60 A.D.3d 1246, 878 N.Y.S.2d 464
CourtAppellate Division of the Supreme Court of the State of New York
DecidedMarch 26, 2009
StatusPublished
Cited by1 cases

This text of 60 A.D.3d 1246 (In re the Claim of Bouton) is published on Counsel Stack Legal Research, covering Appellate Division of the Supreme Court of the State of New York primary law. Counsel Stack provides free access to over 12 million legal documents including statutes, case law, regulations, and constitutions.

Bluebook
In re the Claim of Bouton, 60 A.D.3d 1246, 878 N.Y.S.2d 464 (N.Y. Ct. App. 2009).

Opinion

[1247]*1247Appeal from, a decision of the Unemployment Insurance Appeal Board, filed October 9, 2007, which, upon reconsideration, adhered to its prior decision ruling that claimant was disqualified from receiving unemployment insurance benefits because he voluntarily left his employment without good cause.

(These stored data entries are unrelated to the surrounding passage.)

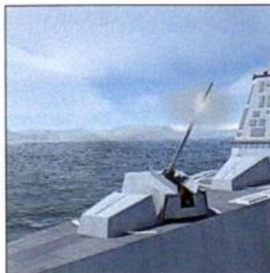
Artist conception of the BAE AGS for DDG-1000 class destroyers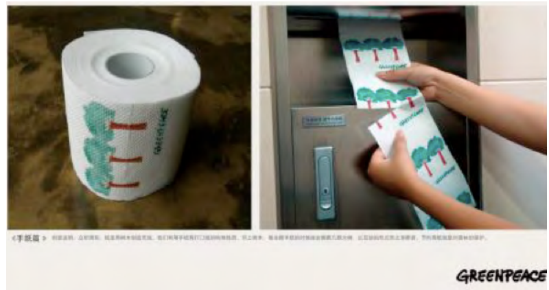
figure 6: Tree Paper toilet By Greenpace 2010.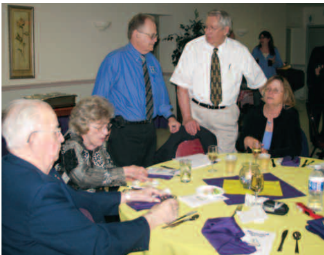
Lions enjoy time to socialize at the brightly decorated tables.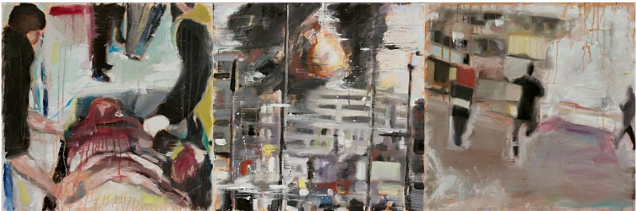
Crisis? What Crisis? by Caoimhghin Ó Croidheáin

Galleries exhibit endless lines and squares, all imaginable shapes and colors. In several galleries, I observe abstract, Pollock-style ‘art’. I ask owners of the galleries, whether they know about some exhibitions that are concentrating on the plight of tens of thousands of homeless people who are barely surviving the harsh Parisian winter. Are there painters and photographers exposing monstrous slums under the highway and railroad bridges? And what about French military and intelligence adventures in Africa, those that are ruining millions of human lives? Are there artists who are fighting against France becoming one of the leading centers of the Empire? [...] No new symphonies or operas dedicated to the victims of Papua, Kashmir, Palestine, Libya, Mali, Somalia, the Democratic Republic of Congo, or Iraq.[1]

Substantial evidence supports the decision of the Unemployment Insurance Appeal Board finding that claimant, a server at a hotel restaurant, voluntarily left his employment without good cause. Neither dissatisfaction with one’s working conditions (see Matter of Goldberg [Commissioner of Labor], 55 AD3d 1120, 1121 [2008]; Matter of Crandall-Mars [Commissioner of Labor], 47 AD3d 1179 [2008]) nor criticism of one’s work performance by a supervisor (see Matter of Gramonte [Inor Dental, P.C.—Commissioner of Labor], 46 AD3d 997, 998 [2007]; Matter of Tubiak [Commissioner of Labor], 39 AD3d 992 [2007]) constitutes good cause for leaving employment. Here, claimant was reprimanded for failing to collect on a guest’s dining check and was advised that further lapses in this regard could lead to suspension. When the employer declined to remove the reprimand from claimant’s file, alter its policy regarding employee reprimands or assign claimant to a position where he would not be responsible for collecting funds, claimant resigned. Claimant’s assertion that the employer’s reprimand policy violates various state and federal labor laws is belied by his own hearing testimony, wherein he readily admitted that the employer never asked him to cover the guest’s check. As the record supports a finding that claimant left his employment for personal and noncompelling reasons, the Board’s decision is affirmed.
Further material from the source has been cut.